For the nine months ended September 30, 2008, net cash used in investing
activities totaled $1.9 million. The Company increased its investment
in ESA by $422,000, capital expenditures totaled $600,000, and capitalized
software development costs totaled $530,000. Cash used as collateral
for stand-by letters of credit increased by $358,000, net. The Company
anticipates that its total capital expenditures in 2008 will approximate
$700,000 (of which $600,000 has been spent through September 30, 2008) and
expects to make additional cash investments in ESA of $108,000 in the fourth
quarter of 2008.
Net cash
used in investing activities for the three months ended September 30, 2007
totaled $2.1 million.
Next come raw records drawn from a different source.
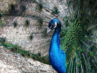 Keywords: bird peacock feather animal blue iridescent colorful plumage close pavo cristatus wheel wildlife photography bill shimmer peacock feathers color gloss
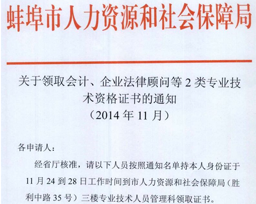 摘要 蚌埠市2014年初級會計職稱證書領取通知
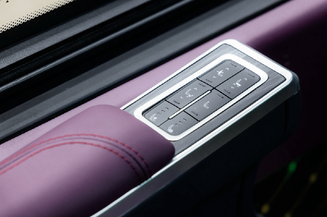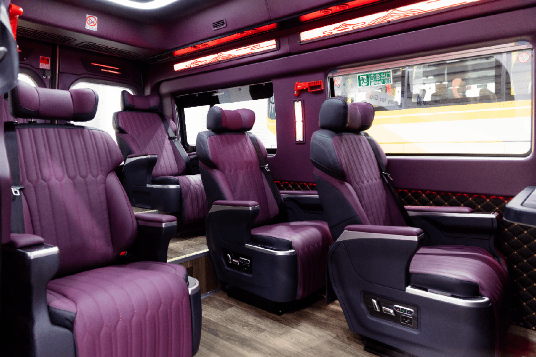车内空间更是将西域旅途的奢适感拉满。高顶车身带来超1.9米的车内净高,半隔断式设计兼顾私密性与观景视野,通透侧窗将天山雪峰、草原花海尽数框入眼中;紫黑双拼电动商务座椅自带通风、加热、按摩功能,搭配星空顶与全域氛围灯,让奔赴风景的每一段路,本身就成了风景。
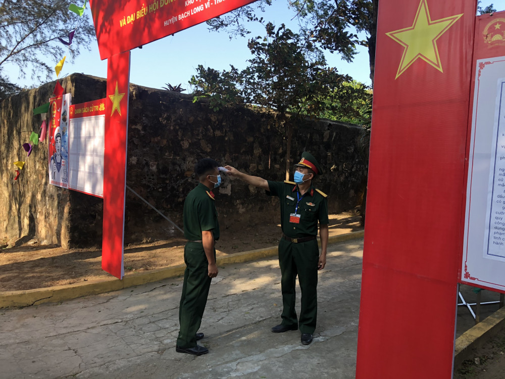 Cán bộ, chiến sĩ Tiểu đoàn phòng thủ đảo (Bộ CHQS thành phố Hải Phòng) thực hiện nghiêm công tác phòng chống dịch COVID-19 trong ngày bầu cử sớm. Ảnh: Văn Minh

Capital expenditures totaled $258,000,
capitalized software development costs totaled $513,000 and the Company
increased its investment in ESA by $128,000. Two cash
collateralized stand-by letters of credit expired in 2007 and the $63,000 cash
collateral was released. The Company deposited $1.2 million into a
restricted, interest-bearing account at the Union National Bank (“UNB”) in the
United Arab Emirates as a partial guarantee for the $11.8 million credit
facility that UNB has extended to ESA. The guarantee will remain in
place until the expiration of the ESA credit facility on December 31, 2014 or
earlier if ESA pays down and terminates the credit facility.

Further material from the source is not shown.